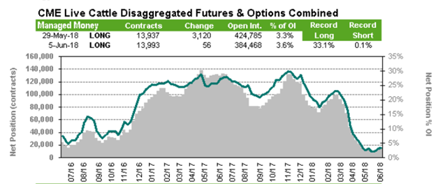 Le rapport des positions publié vendredi par le CFTC montrait que les spéculateurs étaient acheteurs net de 13 993 contrats, pratiquement inchangé sur la semaine. Les éleveurs, parcs et abattoirs étaient vendeurs net de 104 103 contrats, une baisse (achat) de 6323 contrats sur la semaine. Le nombre de contrats ouverts diminuait également de 40,317 contrats ouverts.
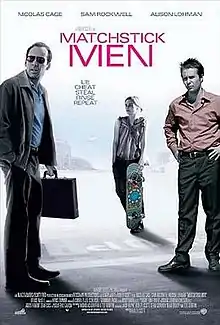 Matchstick Men is a 2003 black comedy film[5] directed by Ridley Scott and based on Eric Garcia's 2002 novel of the same name. The film stars Nicolas Cage, Sam Rockwell, and Alison Lohman. The film premiered on September 2, 2003 at the 60th Venice International Film Festival and was released in the United States on September 12, 2003. It received generally positive reviews and grossed $65 million against its $62 million budget.
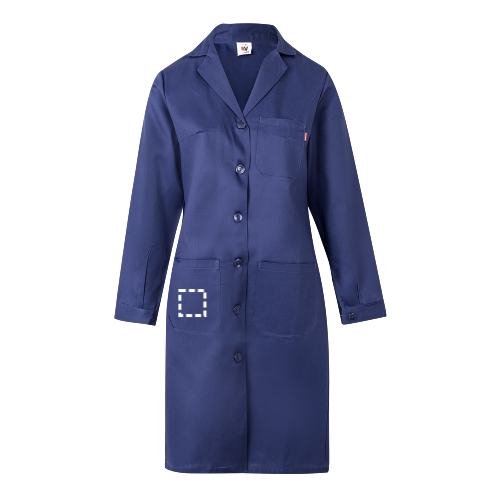 Blouse à manches longues en sergé (175g/m²), en sergé de coton (35%) et polyester (65%). Boutonnée, ajustée, ceinture au dos, poignets boutonnés et trois poches. Taille: 38, 40, 42, 44, 46, 48, 50, 52, 54, 56, 58, 60
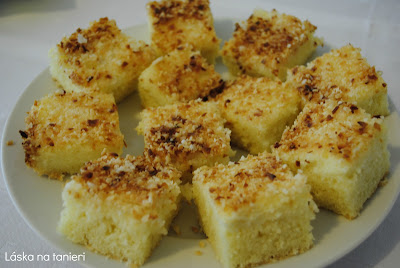 Plech som vymastila maslom, vysypala strúhaným kokosom. Zmes som vyliala na plech a ešte neupečené cesto posypala cukrovo-kokosovou posýpkou. Pečieme vo vyhriatej rúre na 190°C asi 20-30 minút. Ešte teplé polejeme smotanou na šľahanie (3 po 180ml).
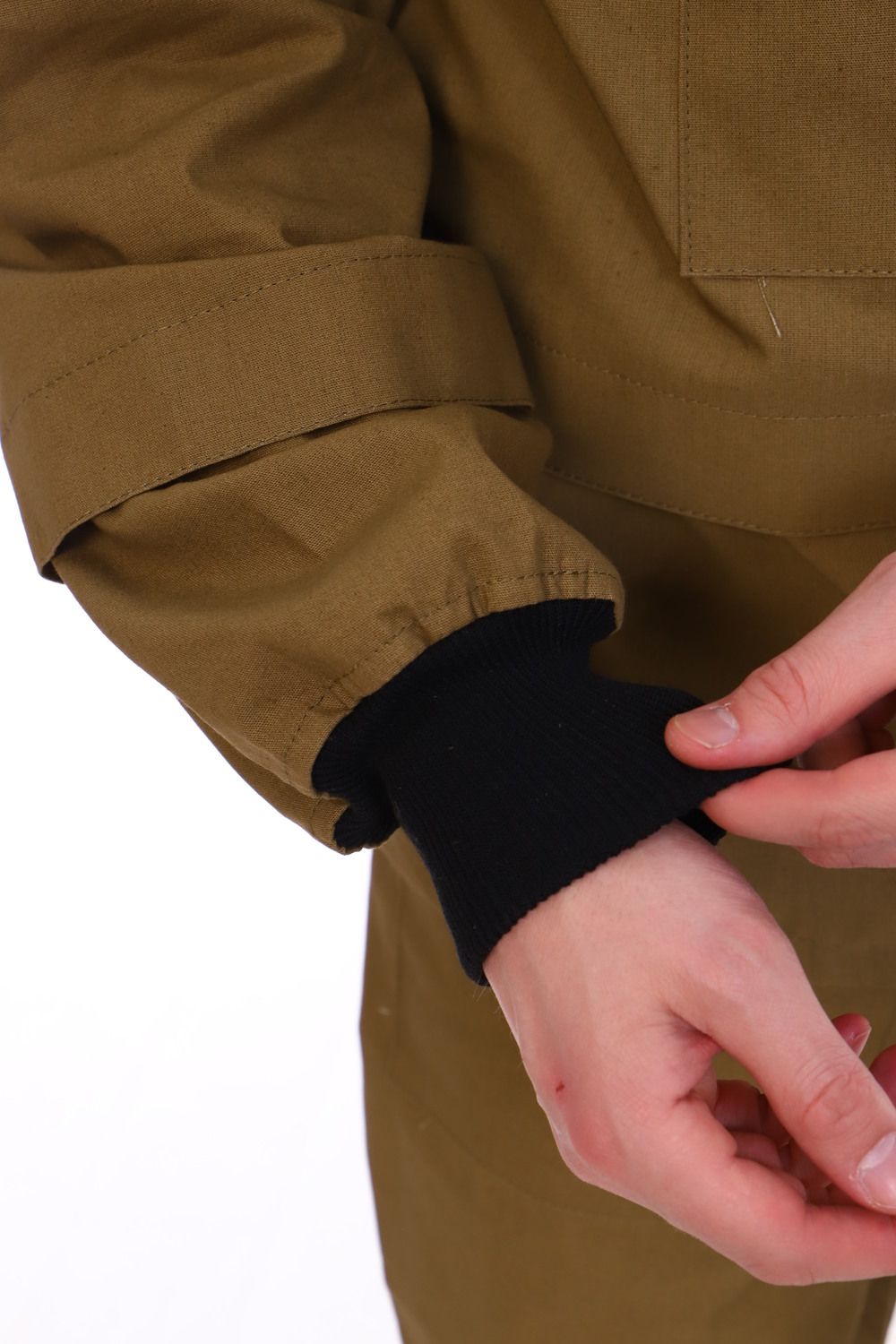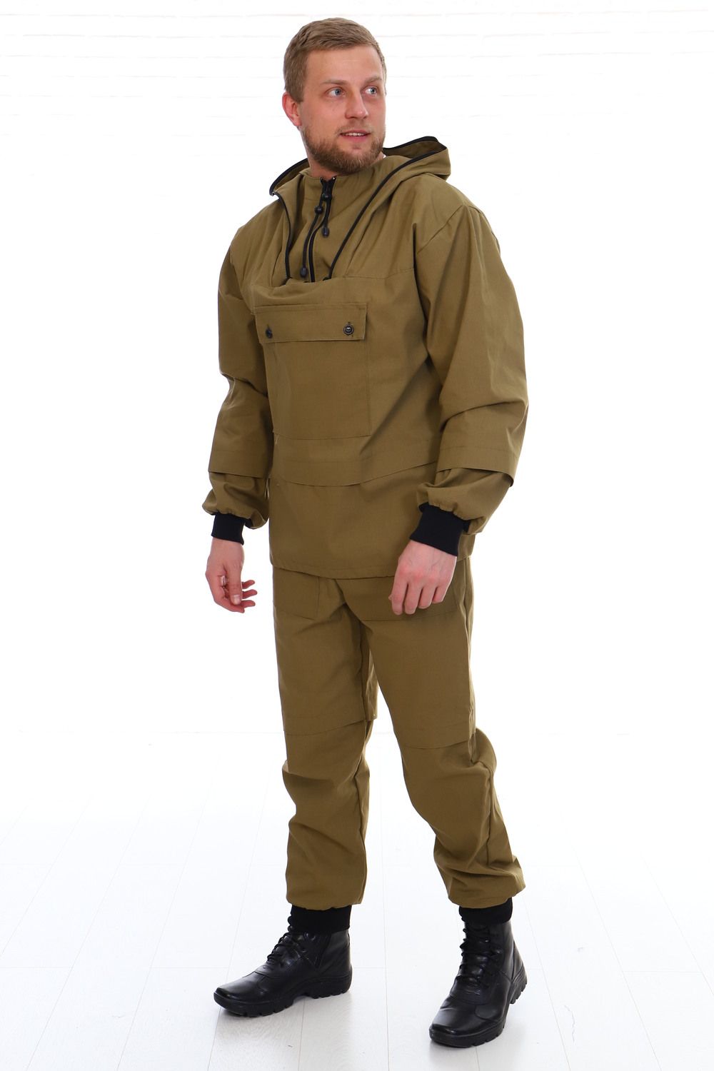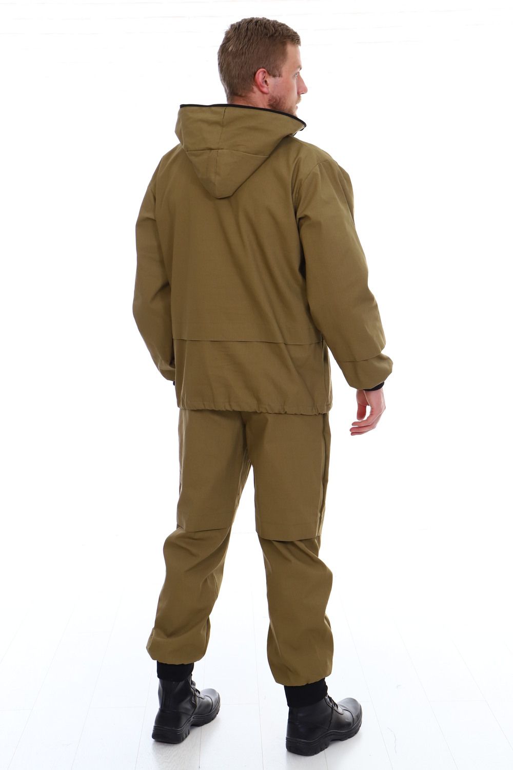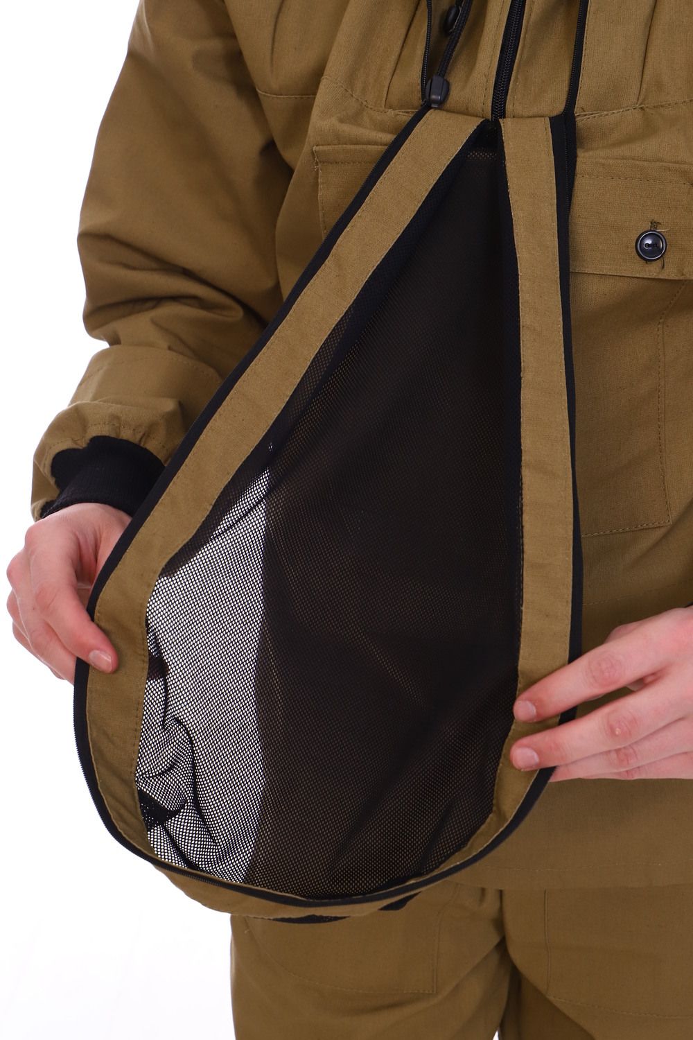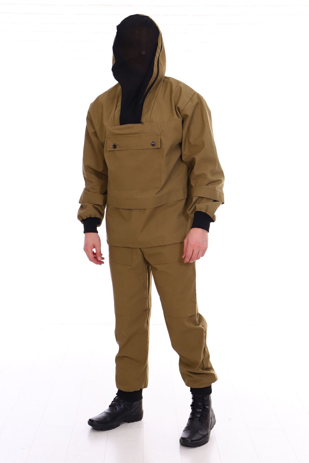 Противоэнцефалитный костюм цвета хаки от клещей, гнуса и комаров, пчел, подойдёт не только как спецодежда на лесозаготовке, в сельском хозяйстве, для пчеловодов и во многих других отраслях, но может использоваться и как костюм для страйкбола, пейнтбола, охоты, рыбалки, туризма и других видов активного отдыха. Костюм состоит из куртки - анорак и брюк. Куртка с капюшоном и противомоскитной сеткой, сетка отстегивается и убирается в специально предназначенный карман. Костюм противоэнцефалитный выполнен в полном соответствии с ГОСТ Р 12.4.296-2013, поэтому снабжен не только противомоскитной сеткой, но и противоклещевыми ловушками на штанинах, рукавах и куртке. Накладные карманы с клапанами на пуговицах. Куртка имеет рукава с трикотажными манжетами и регулировку по низу, брюки с притачным поясом с эластичной тесьмой (резинкой) по талии, с трикотажными манжетами снизу. Защитные свойства: З МИ, от общих производственный загрязнений и истирания, от вредных биологических факторов. По стандартам для спецодежды, длина рукава измеряется от линии втачивания воротника, длина брюк от шва втачивания пояса (без учета его ширины) до низка брюк.
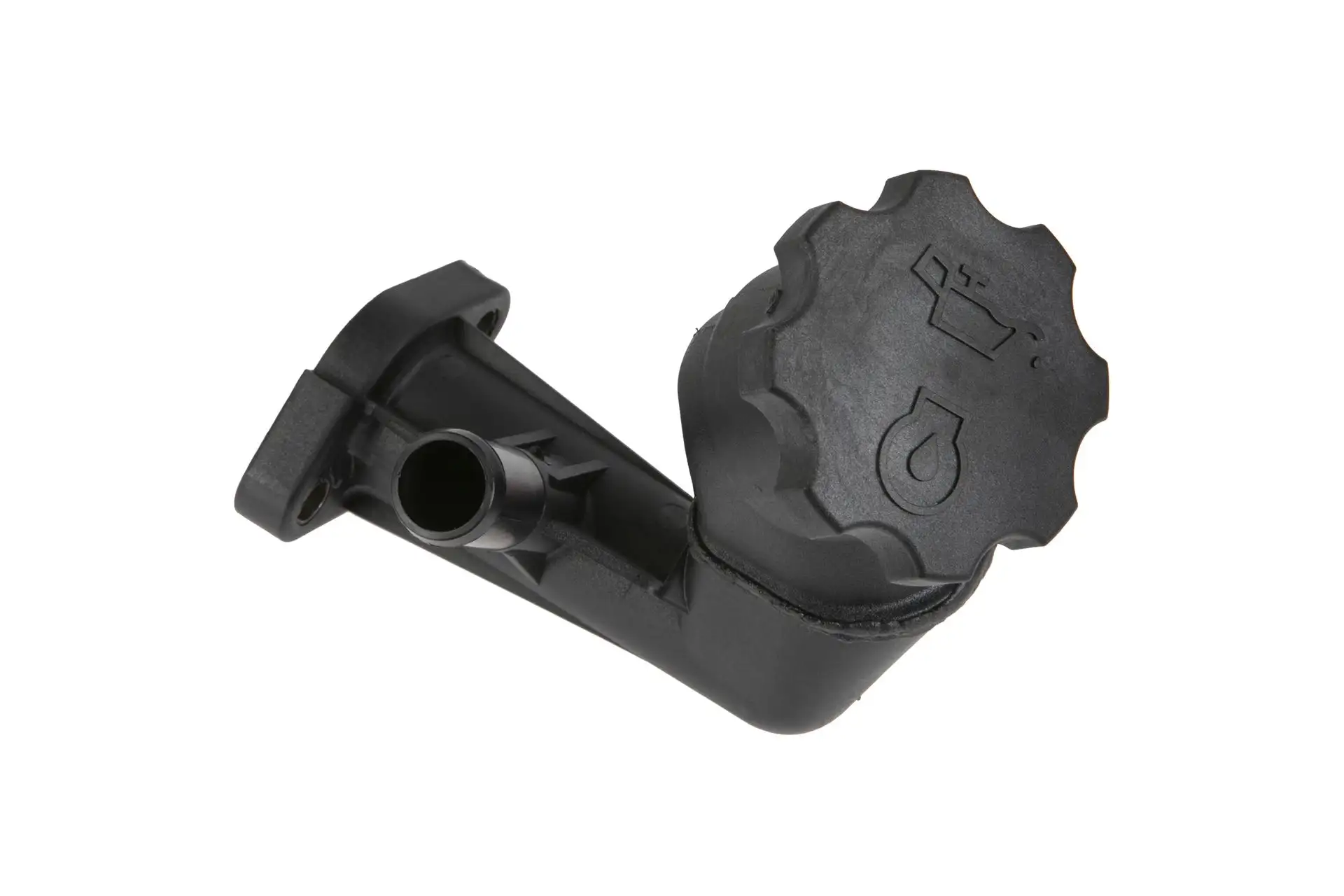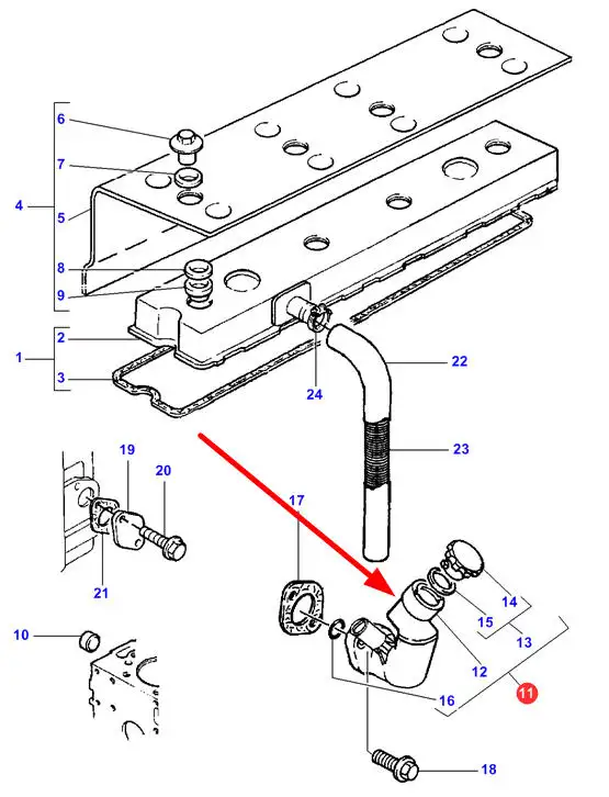 Oryginalny wlew oleju silnikowego z korkiem zamykającym o numerze katalogowym 222041M1, stosowany w ciągnikach rolniczych marki Massey Ferguson.
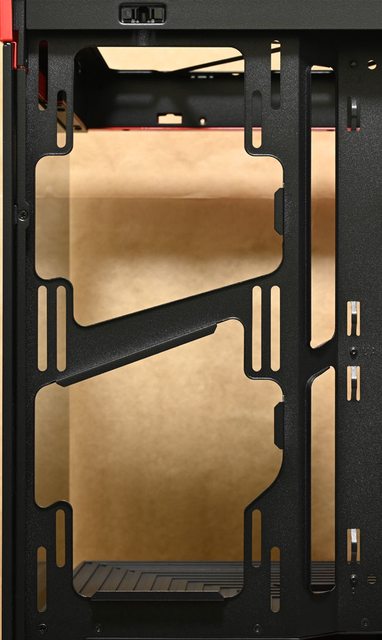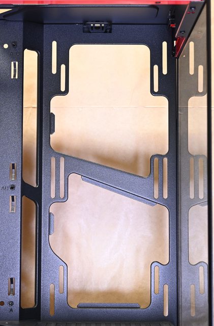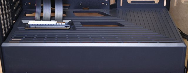 質顯示卡專用直立延長線已預先安裝在內部,底板最上方有1個長條形穿線開口,底板鏤
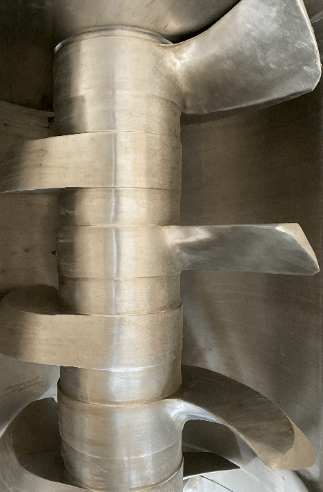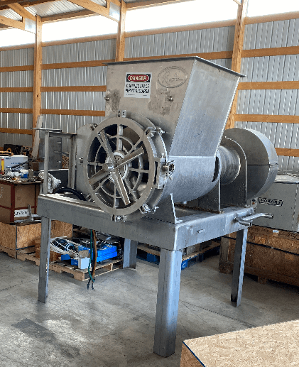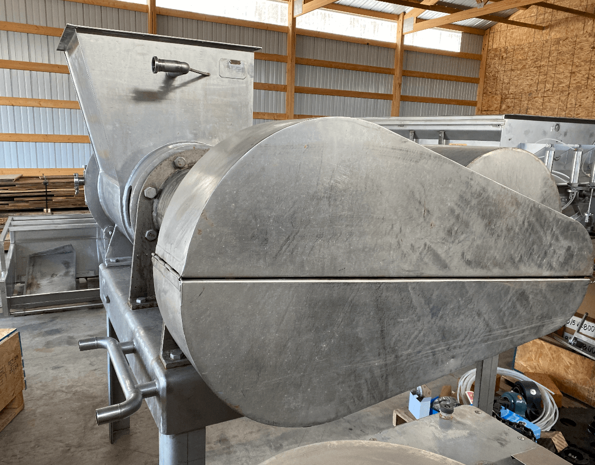 Rietz RE-24 Grinder. Industrial pulverizer machine, engineered with slow speed and high torque for crushing, grinding and tearing large frozen blocks or barrels of materials, such as animal products, meats, cheese, fruits and/or vegetables. 29.5″ wide by 27″ long by 41″ deep cut chamber. 24″ diameter rotor. 16-spoke discharge plate / die plate / extrusion plate. 101″ in-feed & 58.5″ discharge height. All stainless steel construction. 75 HP motor. 460V/3ph/60hz.
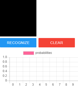 Now you can draw the digit on the black canvas and click the 'recognize' button to see the prediction.
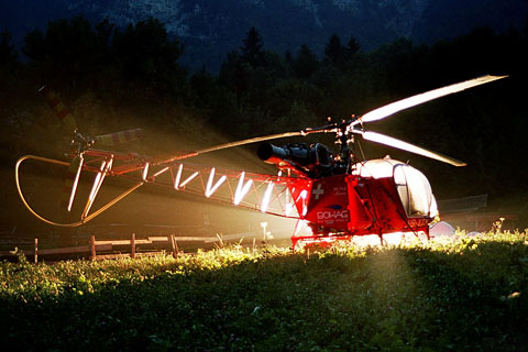 | HB-XTM of BOHAG in new colors on a rescue flight at Bern-Insel - Photo by Markus Herzig © 4-Oct-97 | HB-XTM of BOHAG during a cold winter day in Diemtigtal - Photo by Adrian Rösti © 2-Dec-98 |
________________________
> Work instruction
Your task is to repeat the entries above exactly, omitting the pictures.

> Completed task
 Le rapport des positions publié vendredi par le CFTC montrait que les spéculateurs étaient acheteurs net de 13 993 contrats, pratiquement inchangé sur la semaine. Les éleveurs, parcs et abattoirs étaient vendeurs net de 104 103 contrats, une baisse (achat) de 6323 contrats sur la semaine. Le nombre de contrats ouverts diminuait également de 40,317 contrats ouverts.
 Matchstick Men is a 2003 black comedy film[5] directed by Ridley Scott and based on Eric Garcia's 2002 novel of the same name. The film stars Nicolas Cage, Sam Rockwell, and Alison Lohman. The film premiered on September 2, 2003 at the 60th Venice International Film Festival and was released in the United States on September 12, 2003. It received generally positive reviews and grossed $65 million against its $62 million budget.
 Blouse à manches longues en sergé (175g/m²), en sergé de coton (35%) et polyester (65%). Boutonnée, ajustée, ceinture au dos, poignets boutonnés et trois poches. Taille: 38, 40, 42, 44, 46, 48, 50, 52, 54, 56, 58, 60
 Plech som vymastila maslom, vysypala strúhaným kokosom. Zmes som vyliala na plech a ešte neupečené cesto posypala cukrovo-kokosovou posýpkou. Pečieme vo vyhriatej rúre na 190°C asi 20-30 minút. Ešte teplé polejeme smotanou na šľahanie (3 po 180ml).
 Противоэнцефалитный костюм цвета хаки от клещей, гнуса и комаров, пчел, подойдёт не только как спецодежда на лесозаготовке, в сельском хозяйстве, для пчеловодов и во многих других отраслях, но может использоваться и как костюм для страйкбола, пейнтбола, охоты, рыбалки, туризма и других видов активного отдыха. Костюм состоит из куртки - анорак и брюк. Куртка с капюшоном и противомоскитной сеткой, сетка отстегивается и убирается в специально предназначенный карман. Костюм противоэнцефалитный выполнен в полном соответствии с ГОСТ Р 12.4.296-2013, поэтому снабжен не только противомоскитной сеткой, но и противоклещевыми ловушками на штанинах, рукавах и куртке. Накладные карманы с клапанами на пуговицах. Куртка имеет рукава с трикотажными манжетами и регулировку по низу, брюки с притачным поясом с эластичной тесьмой (резинкой) по талии, с трикотажными манжетами снизу. Защитные свойства: З МИ, от общих производственный загрязнений и истирания, от вредных биологических факторов. По стандартам для спецодежды, длина рукава измеряется от линии втачивания воротника, длина брюк от шва втачивания пояса (без учета его ширины) до низка брюк.
 Oryginalny wlew oleju silnikowego z korkiem zamykającym o numerze katalogowym 222041M1, stosowany w ciągnikach rolniczych marki Massey Ferguson.
 質顯示卡專用直立延長線已預先安裝在內部,底板最上方有1個長條形穿線開口,底板鏤
 Rietz RE-24 Grinder. Industrial pulverizer machine, engineered with slow speed and high torque for crushing, grinding and tearing large frozen blocks or barrels of materials, such as animal products, meats, cheese, fruits and/or vegetables. 29.5″ wide by 27″ long by 41″ deep cut chamber. 24″ diameter rotor. 16-spoke discharge plate / die plate / extrusion plate. 101″ in-feed & 58.5″ discharge height. All stainless steel construction. 75 HP motor. 460V/3ph/60hz.
 Now you can draw the digit on the black canvas and click the 'recognize' button to see the prediction.
 | HB-XTM of BOHAG in new colors on a rescue flight at Bern-Insel - Photo by Markus Herzig © 4-Oct-97 | HB-XTM of BOHAG during a cold winter day in Diemtigtal - Photo by Adrian Rösti © 2-Dec-98 |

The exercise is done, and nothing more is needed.